*WHAT YOU SHOULD DO:*
Your copy should start at the line with "As we step into" and end at the line with "Лицей №83 - Центр" in the data below. Transcribe only those lines, exactly, pictures excluded.

Data records:
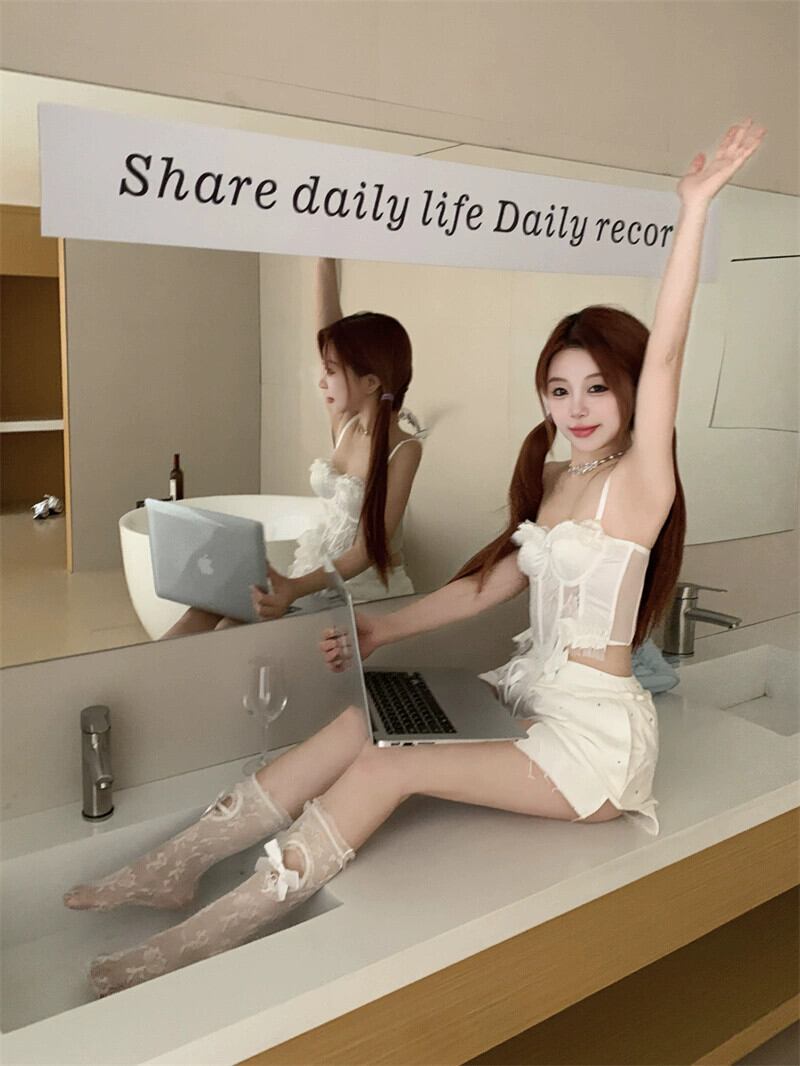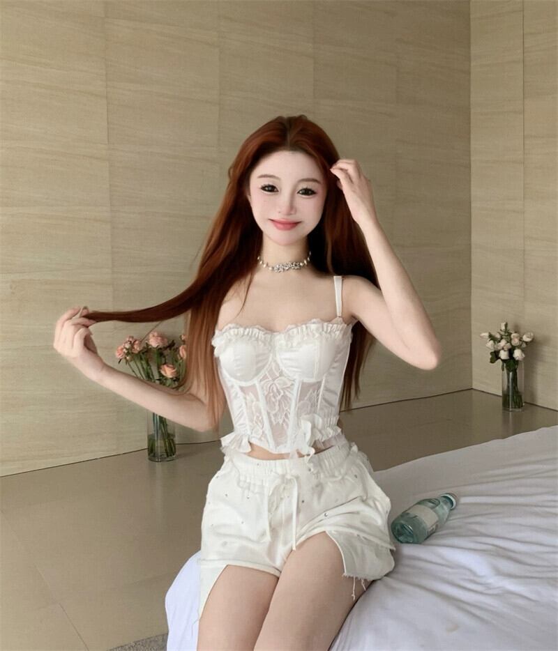 ホワイトレースフィッシュボーンコルセットウエストキャミソール女性の夏のセクシーなアウターウェア菌レーススリムフィットインナートップ サマー 夏物 0921940282695437
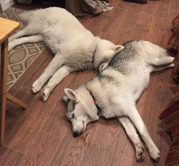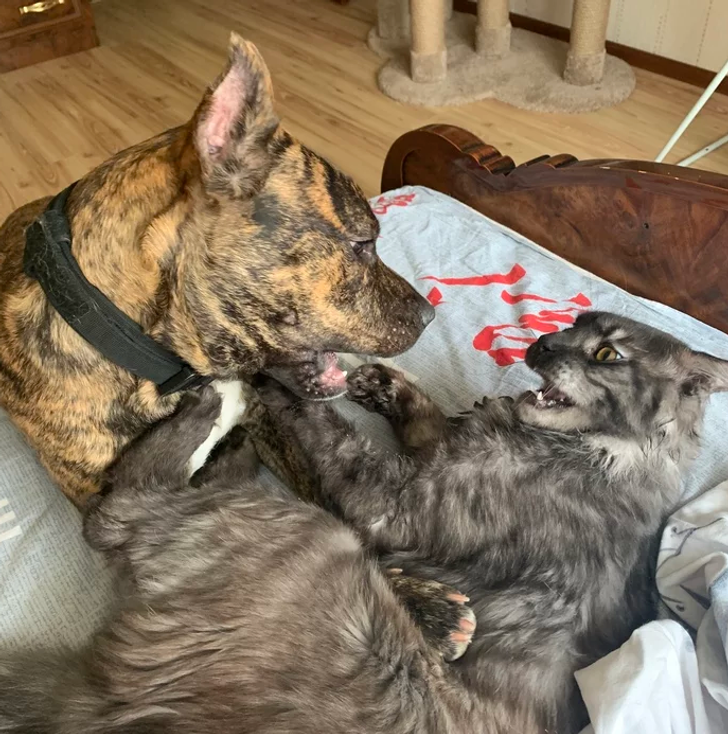 18. «Если вы присмотритесь, то увидите, что голова моего кота торчит из-под собаки. Кот не пострадал, но был очень зол»
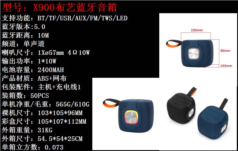 Fabric Mini Outdoor Bluetooth Speaker X950
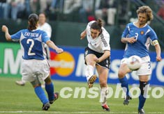 美國(guó)當(dāng)?shù)貢r(shí)間10月2日,2003女足世界杯德國(guó)隊(duì)與俄羅斯隊(duì)爭(zhēng)奪四強(qiáng)席位。德國(guó)隊(duì)發(fā)揮了體能好速度快的優(yōu)勢(shì),以7比1大勝俄羅斯隊(duì),殺入四強(qiáng)。作者:劉占坤
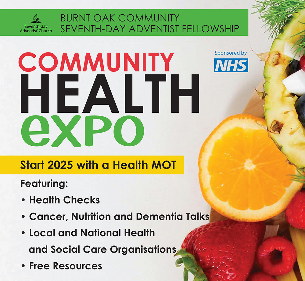 As we step into a new year, there's no better time to prioritize your health and well-being. The Burnt Oak Community Seventh-day Adventist Fellowship invites you to kick off 2025 with a rejuvenating and empowering event: the Community Health Expo, sponsored by the NHS.
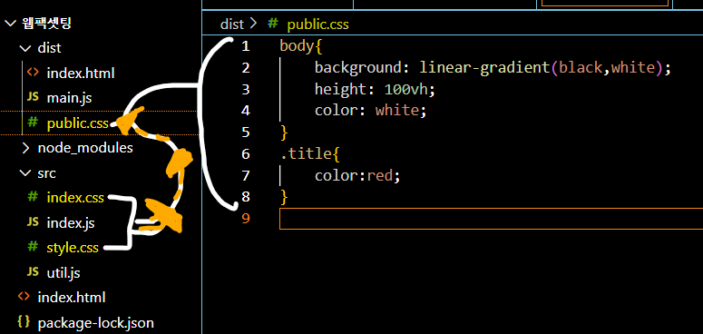 이렇게 설정하고 다시 webpack 을 실행하면 지정한 이름으로 css 파일이 dist 폴더에 생성되었다.
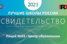 Лицей №83 - Центр образования отмечен свидетельством о том, что лицей вошел в Рейтинг лучщих школ республики Татарстан по количеству выпускников, поступивших в ведущие вузы России.
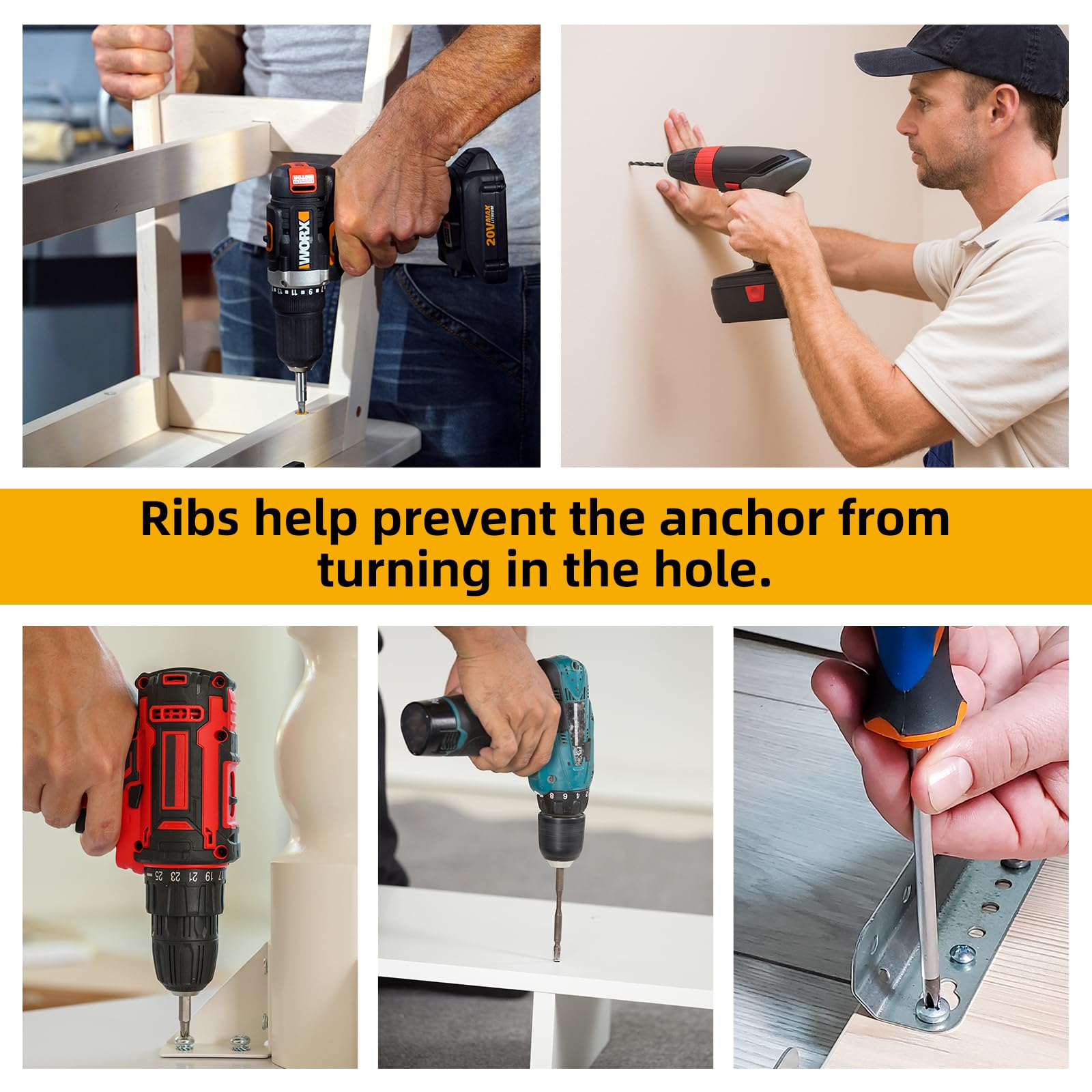 - Versatile for Multiple Surfaces – These ribbed plastic drywall anchors are ideal for use on brick walls, concrete, drywall, and wooden surfaces. Perfect for securely mounting heavy mirrors, brackets, curtain rods, picture frames, towel racks, light fixtures, and more—great for both home and office use.
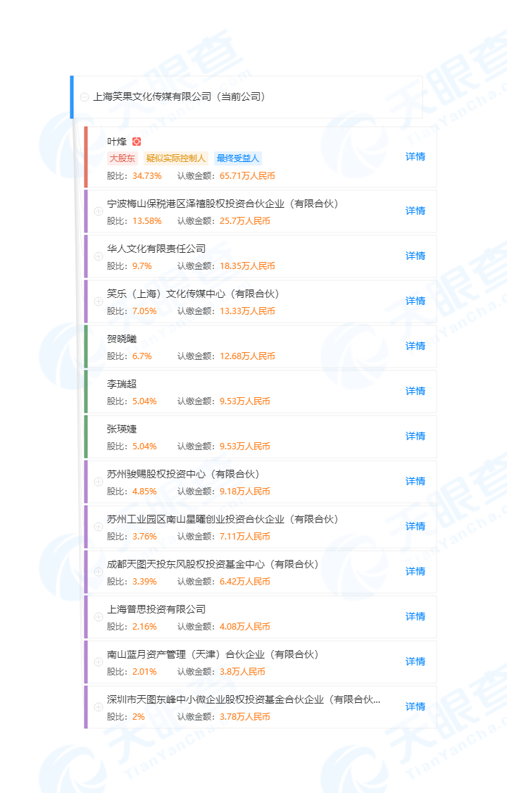 天眼查信息显示,笑果文化目前有13位股东,分别是叶烽、宁波梅山保税港区泽禧股权投资合伙企业(有限合伙)、华人文化有限责任公司、笑乐(上海)文化传媒中心(有限合伙)、贺晓曦、李瑞超(就是李诞)、张瑛婕、苏州骏赐股权投资中心(有限合伙)(也是华人文化旗下的股权投资基金)、苏州工业园区南山星曜创业投资合伙企业(有限合伙)(这是南山资本旗下的股权投资基金)、成都天图天投东风股权投资基金中心(有限合伙)和深圳市天图东峰中小微企业股权投资基金合伙企业(有限合伙)(这两个都是天图资本的)、王思聪的上海普思投资和南山蓝月资产管理(天津)合伙企业(有限合伙)。
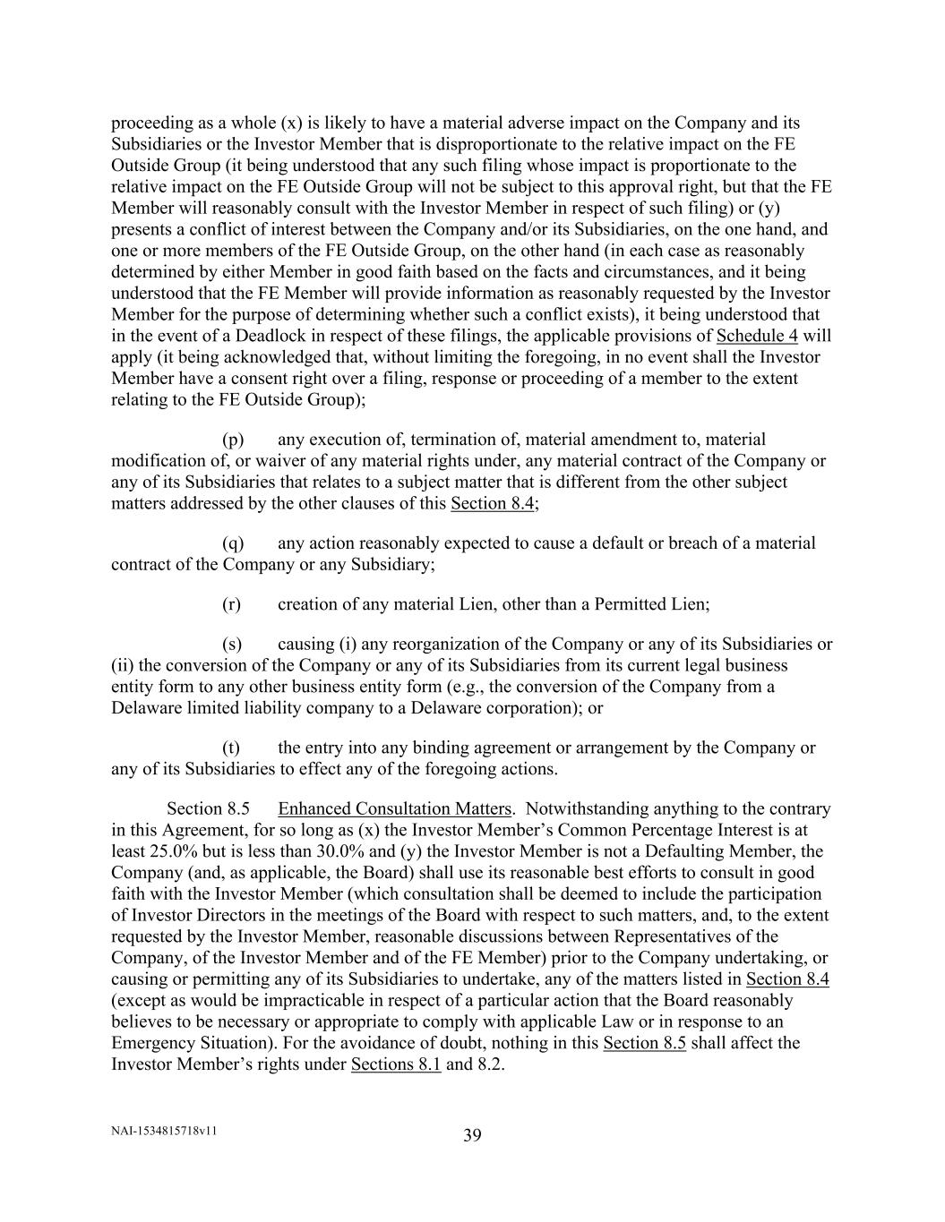 NAI-1534815718v11 39 proceeding as a whole (x) is likely to have a material adverse impact on the Company and its Subsidiaries or the Investor Member that is disproportionate to the relative impact on the FE Outside Group (it being understood that any such filing whose impact is proportionate to the relative impact on the FE Outside Group will not be subject to this approval right, but that the FE Member will reasonably consult with the Investor Member in respect of such filing) or (y) presents a conflict of interest between the Company and/or its Subsidiaries, on the one hand, and one or more members of the FE Outside Group, on the other hand (in each case as reasonably determined by either Member in good faith based on the facts and circumstances, and it being understood that the FE Member will provide information as reasonably requested by the Investor Member for the purpose of determining whether such a conflict exists), it being understood that in the event of a Deadlock in respect of these filings, the applicable provisions of Schedule 4 will apply (it being acknowledged that, without limiting the foregoing, in no event shall the Investor Member have a consent right over a filing, response or proceeding of a member to the extent relating to the FE Outside Group); (p) any execution of, termination of, material amendment to, material modification of, or waiver of any material rights under, any material contract of the Company or any of its Subsidiaries that relates to a subject matter that is different from the other subject matters addressed by the other clauses of this Section 8.4; (q) any action reasonably expected to cause a default or breach of a material contract of the Company or any Subsidiary; (r) creation of any material Lien, other than a Permitted Lien; (s) causing (i) any reorganization of the Company or any of its Subsidiaries or (ii) the conversion of the Company or any of its Subsidiaries from its current legal business entity form to any other business entity form (e.g., the conversion of the Company from a Delaware limited liability company to a Delaware corporation); or (t) the entry into any binding agreement or arrangement by the Company or any of its Subsidiaries to effect any of the foregoing actions. Section 8.5 Enhanced Consultation Matters. Notwithstanding anything to the contrary in this Agreement, for so long as (x) the Investor Member’s Common Percentage Interest is at least 25.0% but is less than 30.0% and (y) the Investor Member is not a Defaulting Member, the Company (and, as applicable, the Board) shall use its reasonable best efforts to consult in good faith with the Investor Member (which consultation shall be deemed to include the participation of Investor Directors in the meetings of the Board with respect to such matters, and, to the extent requested by the Investor Member, reasonable discussions between Representatives of the Company, of the Investor Member and of the FE Member) prior to the Company undertaking, or causing or permitting any of its Subsidiaries to undertake, any of the matters listed in Section 8.4 (except as would be impracticable in respect of a particular action that the Board reasonably believes to be necessary or appropriate to comply with applicable Law or in response to an Emergency Situation). For the avoidance of doubt, nothing in this Section 8.5 shall affect the Investor Member’s rights under Sections 8.1 and 8.2.
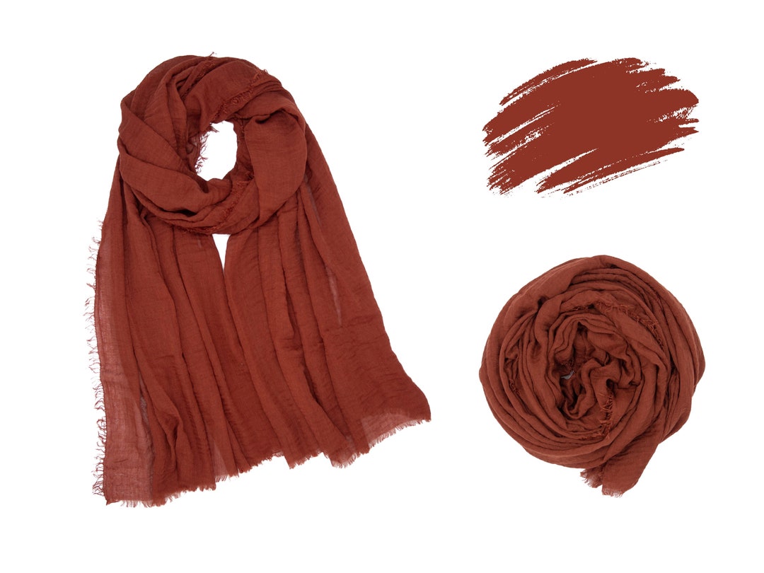 Rust Head Scarf, Natural Warm Long Soft Red Cotton Shawl, Breathable ...
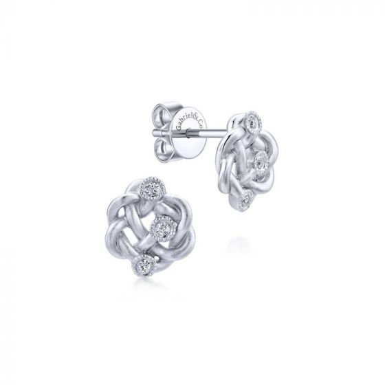 925 Sterling Silver Twisted Knot Diamond Stud Earrings
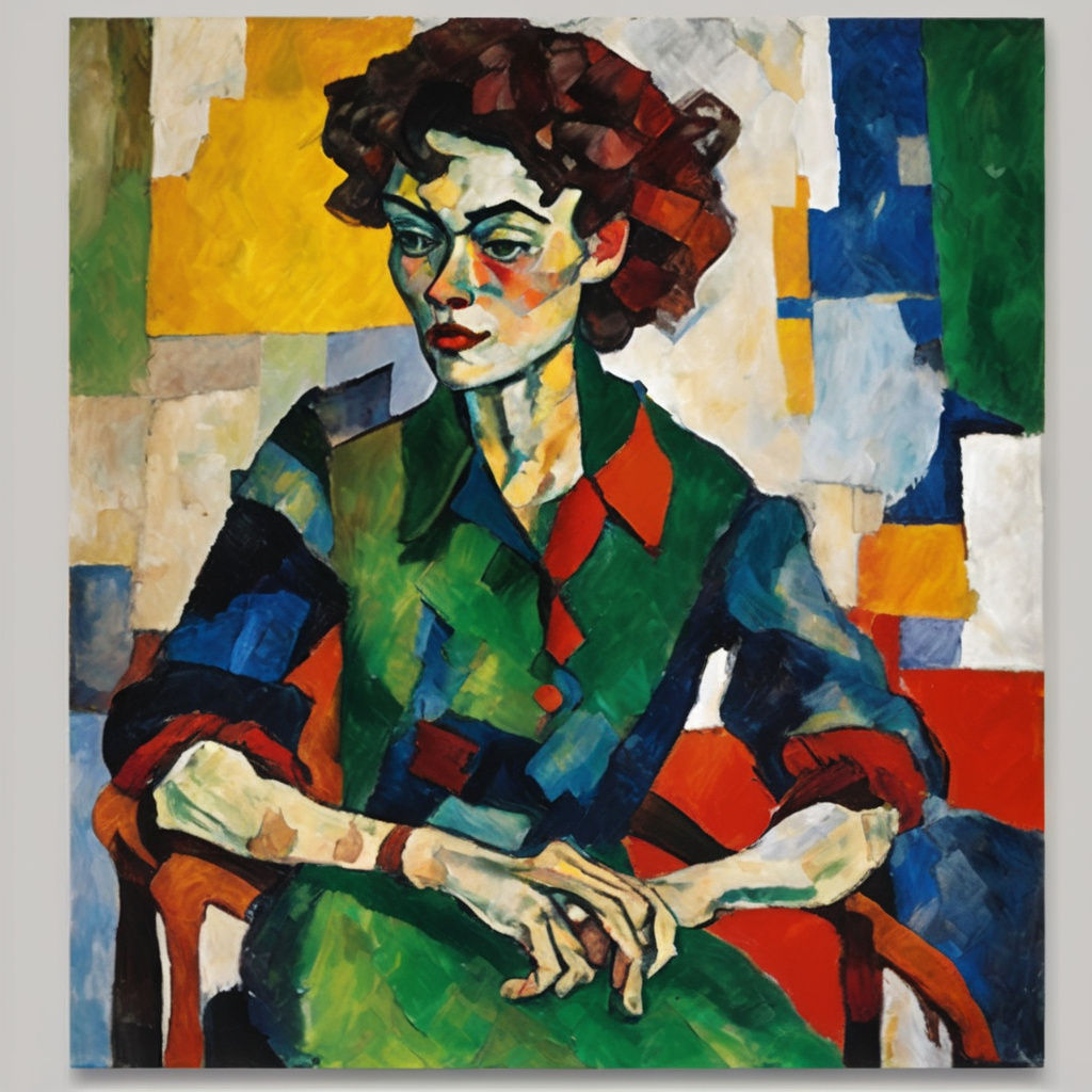 This image depicts a seated young woman in a striking German Expressionist style. Bold colors are used to evoke a sense of modernity and raw emotion.

*SOLUTION TO THE EXERCISE:*
 As we step into a new year, there's no better time to prioritize your health and well-being. The Burnt Oak Community Seventh-day Adventist Fellowship invites you to kick off 2025 with a rejuvenating and empowering event: the Community Health Expo, sponsored by the NHS.
 이렇게 설정하고 다시 webpack 을 실행하면 지정한 이름으로 css 파일이 dist 폴더에 생성되었다.
 Лицей №83 - Центр образования отмечен свидетельством о том, что лицей вошел в Рейтинг лучщих школ республики Татарстан по количеству выпускников, поступивших в ведущие вузы России.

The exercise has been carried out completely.